| Your assignment |
Return only the lines from the top of the data down to the one that holds "糜夫人的定位清晰——专精于辅", both included, without any pictures.

Segment Start: Dataset excerpts

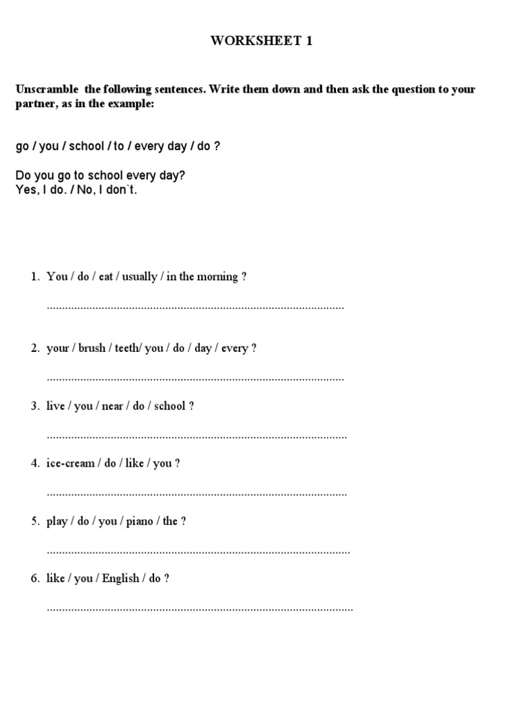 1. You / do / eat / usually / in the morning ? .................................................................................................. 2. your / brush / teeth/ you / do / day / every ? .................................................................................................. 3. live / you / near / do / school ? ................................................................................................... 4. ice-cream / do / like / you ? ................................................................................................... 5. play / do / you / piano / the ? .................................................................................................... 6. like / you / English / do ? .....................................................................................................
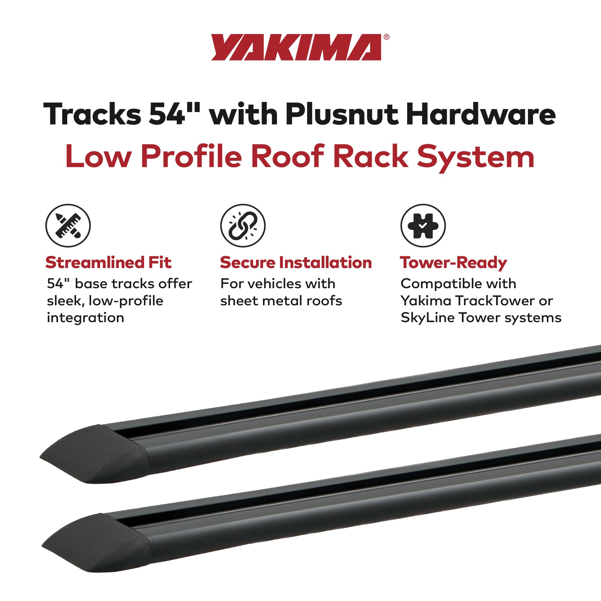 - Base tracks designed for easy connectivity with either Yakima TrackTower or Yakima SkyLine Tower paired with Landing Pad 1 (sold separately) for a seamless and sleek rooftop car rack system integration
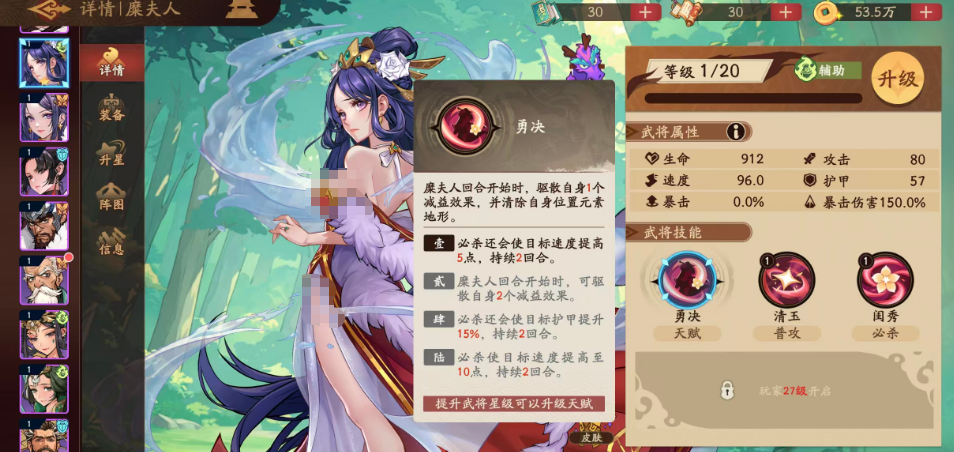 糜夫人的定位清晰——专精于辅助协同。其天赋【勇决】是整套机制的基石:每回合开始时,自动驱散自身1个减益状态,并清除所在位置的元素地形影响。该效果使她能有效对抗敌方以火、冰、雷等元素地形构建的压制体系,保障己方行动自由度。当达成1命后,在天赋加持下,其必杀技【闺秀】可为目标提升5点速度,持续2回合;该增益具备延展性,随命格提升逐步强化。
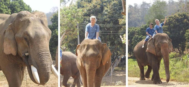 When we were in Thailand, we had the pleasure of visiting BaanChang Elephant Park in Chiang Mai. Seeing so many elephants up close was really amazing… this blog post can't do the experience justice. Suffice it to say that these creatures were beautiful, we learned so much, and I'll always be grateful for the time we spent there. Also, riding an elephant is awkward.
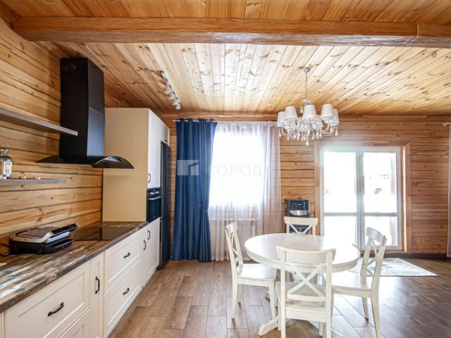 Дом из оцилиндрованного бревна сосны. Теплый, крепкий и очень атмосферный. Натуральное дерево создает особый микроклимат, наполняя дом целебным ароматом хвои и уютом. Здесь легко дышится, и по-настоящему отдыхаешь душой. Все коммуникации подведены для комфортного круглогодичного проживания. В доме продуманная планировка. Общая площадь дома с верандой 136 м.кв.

Segment End: Dataset excerpts

| Exercise response |
 1. You / do / eat / usually / in the morning ? .................................................................................................. 2. your / brush / teeth/ you / do / day / every ? .................................................................................................. 3. live / you / near / do / school ? ................................................................................................... 4. ice-cream / do / like / you ? ................................................................................................... 5. play / do / you / piano / the ? .................................................................................................... 6. like / you / English / do ? .....................................................................................................
 - Base tracks designed for easy connectivity with either Yakima TrackTower or Yakima SkyLine Tower paired with Landing Pad 1 (sold separately) for a seamless and sleek rooftop car rack system integration
 糜夫人的定位清晰——专精于辅助协同。其天赋【勇决】是整套机制的基石:每回合开始时,自动驱散自身1个减益状态,并清除所在位置的元素地形影响。该效果使她能有效对抗敌方以火、冰、雷等元素地形构建的压制体系,保障己方行动自由度。当达成1命后,在天赋加持下,其必杀技【闺秀】可为目标提升5点速度,持续2回合;该增益具备延展性,随命格提升逐步强化。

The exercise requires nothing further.